Step 1: Velocity Analysis

Let the tube move down with velocity $v$. Consider the segment of rope of mass $M$ currently inside the horizontal part of the tube.

• Vertical Motion: The rope segment is carried downwards by the tube. $v_y = v$.
• Horizontal Motion: For the rope to pass through the tube, it must flow horizontally relative to the tube. The rate of flow matches the tube’s speed. $v_x = v$.

The total kinetic energy of this mass $M$ is determined by its absolute velocity squared:

$$v_{abs}^2 = v_x^2 + v_y^2 = v^2 + v^2 = 2v^2$$

Step 2: Conservation of Energy

We apply the work-energy theorem.
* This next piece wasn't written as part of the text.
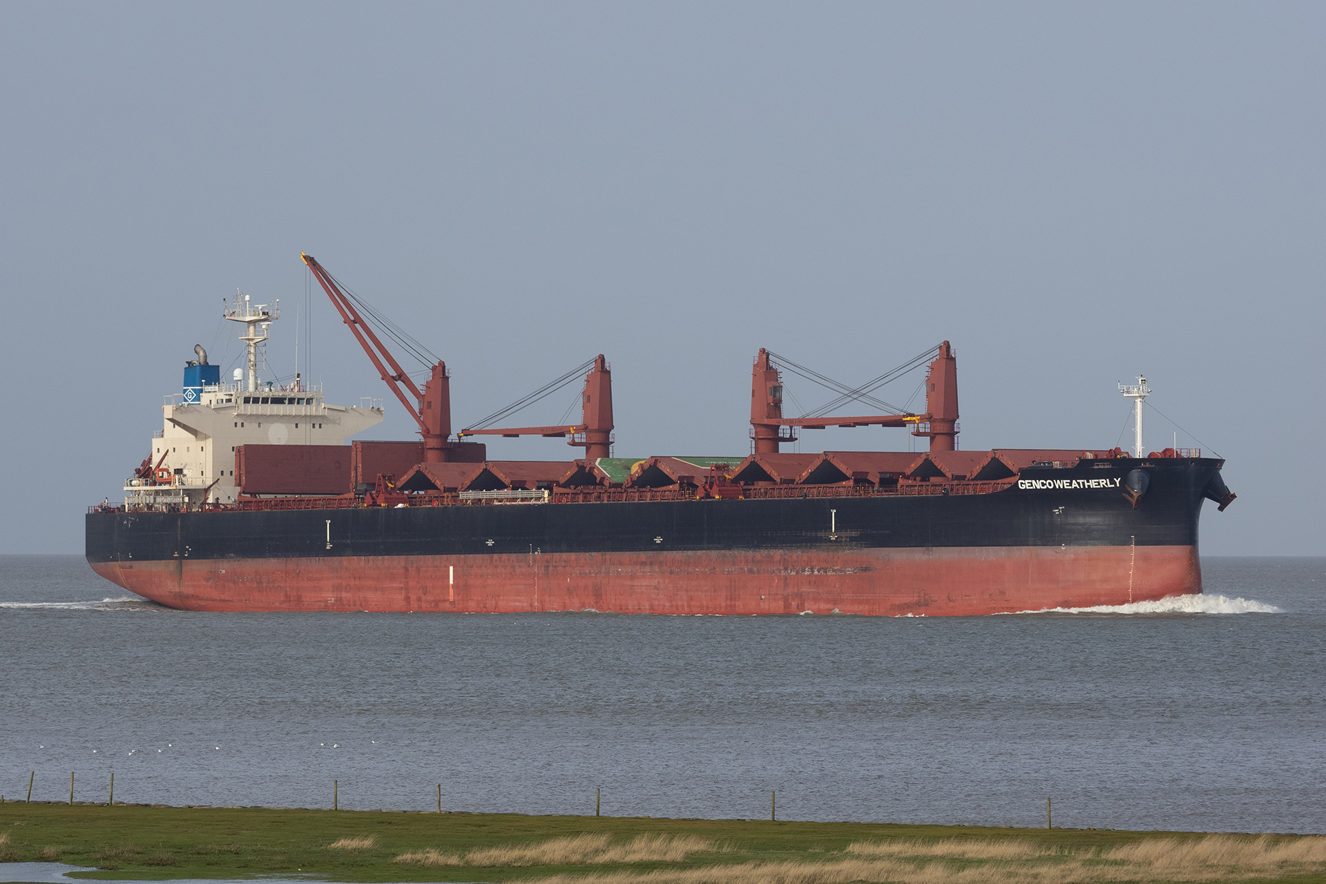 Massengutfrachter elbaufwärts vor Cuxhaven-Altenbruch am 21.02.2020

The only work done is by gravity on the descending mass $M$.

For a small downward displacement $dy$:

• Work Done: $dW = Mg \, dy$
• Change in Kinetic Energy: $dK = d\left(\frac{1}{2} M v_{abs}^2\right) = d\left(\frac{1}{2} M (2v^2)\right) = d(Mv^2)$

Step 3: Solve for Acceleration

Equating Work and Change in KE:

$$Mg \, dy = M (2v \, dv)$$ $$g \, dy = 2 v \, dv$$

We know that acceleration $a = v \frac{dv}{dy}$, so $v \, dv = a \, dy$. Substituting this into the equation:

$$g \, dy = 2 (a \, dy)$$ $$g = 2a$$ $$a = 0.5g$$